Creative Structural Models
In Your Life as Story: Writing
the New Autobiography, Tristine Rainier offers these structural models: She
believes that "In its simplest form a story is: what you wanted, how you
struggled, and what you realized out of that struggle . . . the
consequence."
Submarine Sandwich
The shape of most
traditional, full biographies/autobiographies. The person's life is imagined as
a continuous line (a long loaf) stretching from birth to the present.

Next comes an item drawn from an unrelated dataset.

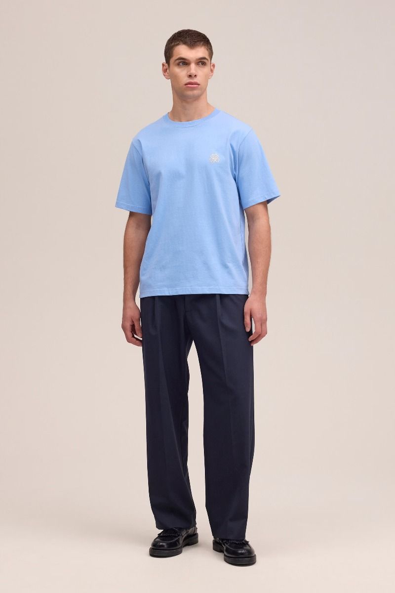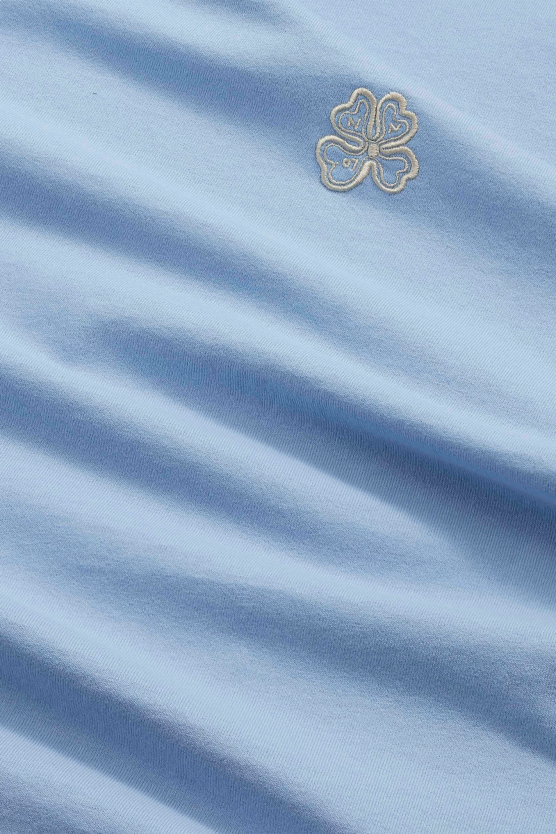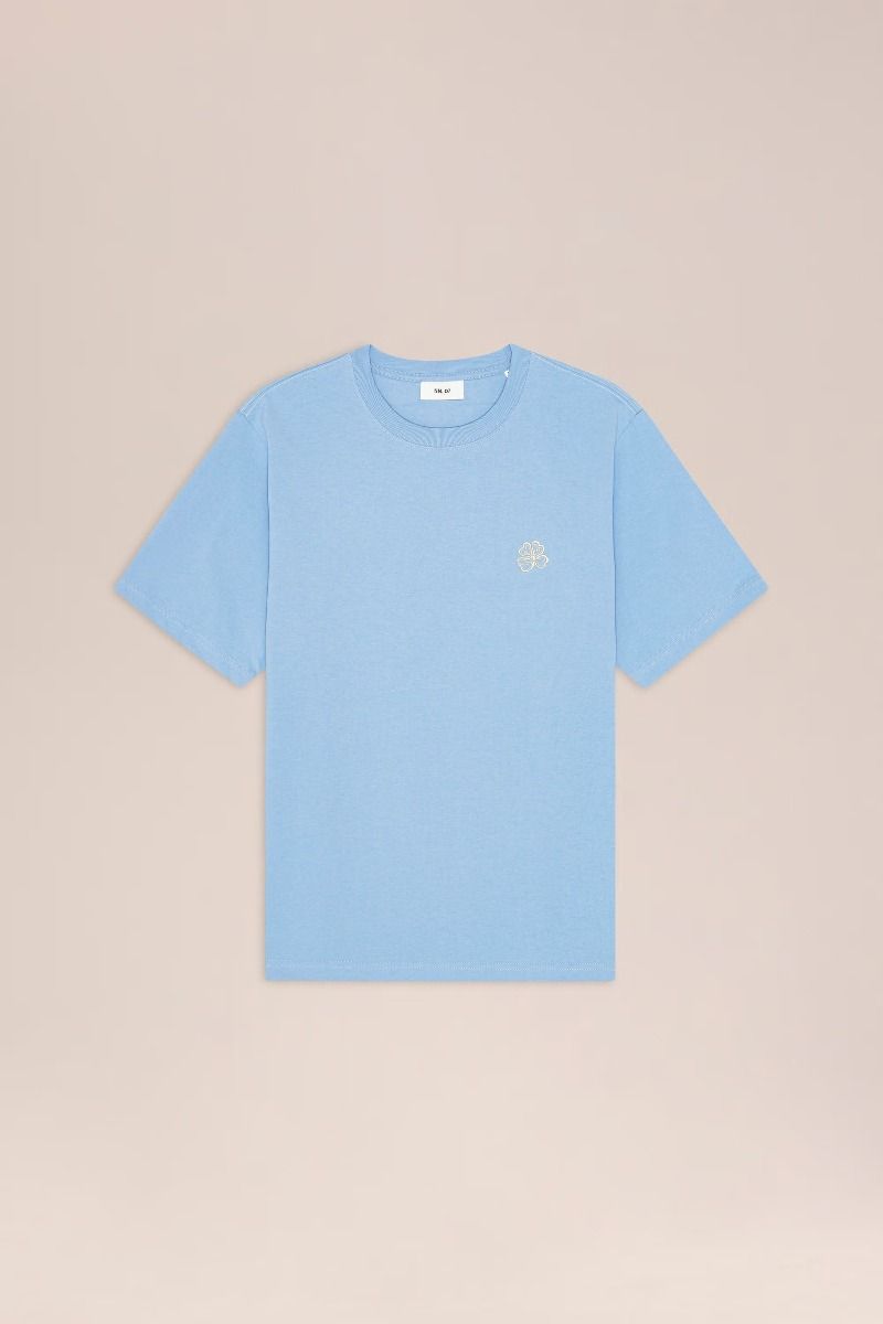 Mittelschweres T‑Shirt von NN.07 im regular Fit aus Bio‑Baumwolle mit trockener, strukturierter Haptik und stabiler Form. Abgerundet durch eine kleine vierblättrige Kleeblatt‑Stickerei auf der Brust und Doppelnähte für zusätzliche Haltbarkeit.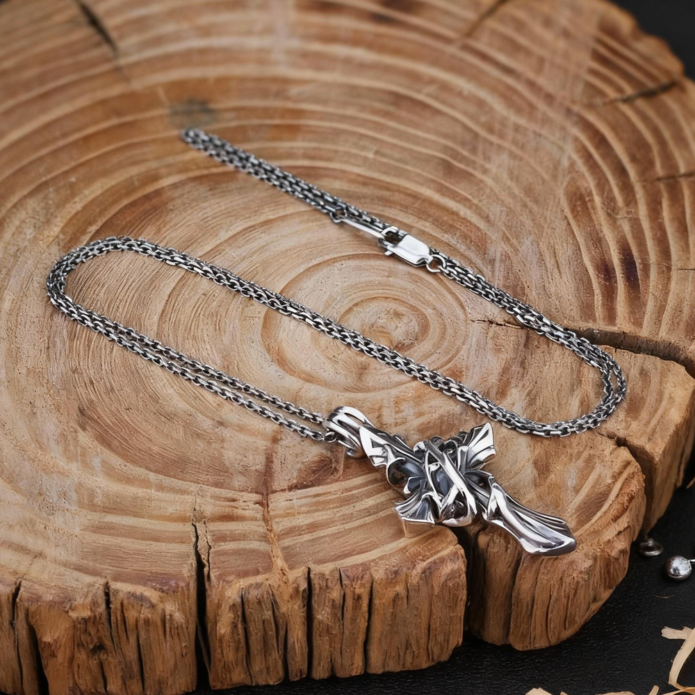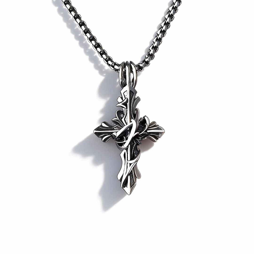 BlessingTree Vintage Thorn Cross Pendant Necklace

The life
could be divided by chapters into years, decades, or pivotal events.
Single Slice
This form focuses
on one period of a person's life, usually centered on a pivotal event.
Embroidery Thread
With this
technique, the writer chooses a particular theme or dramatic line, skipping over
months, years, or even decades that are irrelevant to the particular story.
"When you read a work that runs an Embroidery Thread through a Single
Slice, it can feel much like a modern novel.
Examples of
Thematic Threads could include conflicts and resolution, stepping stones, or
relationships.
Quests
Many life
stories, especially religious quests, adventure stories, and success stories in
a chosen vocation or profession lend themselves to a Quest structure.
Point A= Hero's
Goal is Set
Point B= Hero's Goal Achieved (or
not) and wisdom attained.
Rainer lists Nine Essential Elements in this archetypal
(mythic) pattern:
Beginning
1. Initiating
Incident (something happens)
2. Problem/Need
(established at beginning to be resolved at end)
3. Desire Line
(what you want to happen as result of problem)
Middle
4. Struggle
with Adversity (conflict--within or without)
5. Interim
Pivotal Events (events that lead to final crisis)
6. Precipitating
Event (pivotal event that forces a crisis)
Conclusion
7. Crisis
(narrows options so that choice has to be made)
8. Climax
(something dies so that something can live)
9. Realization
(desire is satisfied, disappointed, or transformed)
Quilt
In this
structure, each story or chapter stands on its own, but looked at together,
tell a larger story. In quiltlike stories, the attempt to create smooth
transitions is dispensed with in favor of tighter unity within each chapter or
story. In quiltlike stories, there are often a series of problem/realizations
that lead up to a final realization.
Transparency
Transparencies
are complicated structures that superimpose two or three single slices of time
to tell multiple, complementary stories. It is a very complex and artful
structure and Rainer believes it shouldn't be used unless it is the only way
your story can be told. The integration of overlapping stories in different
time frames runs the risk of becoming terribly confusing and too mechanical.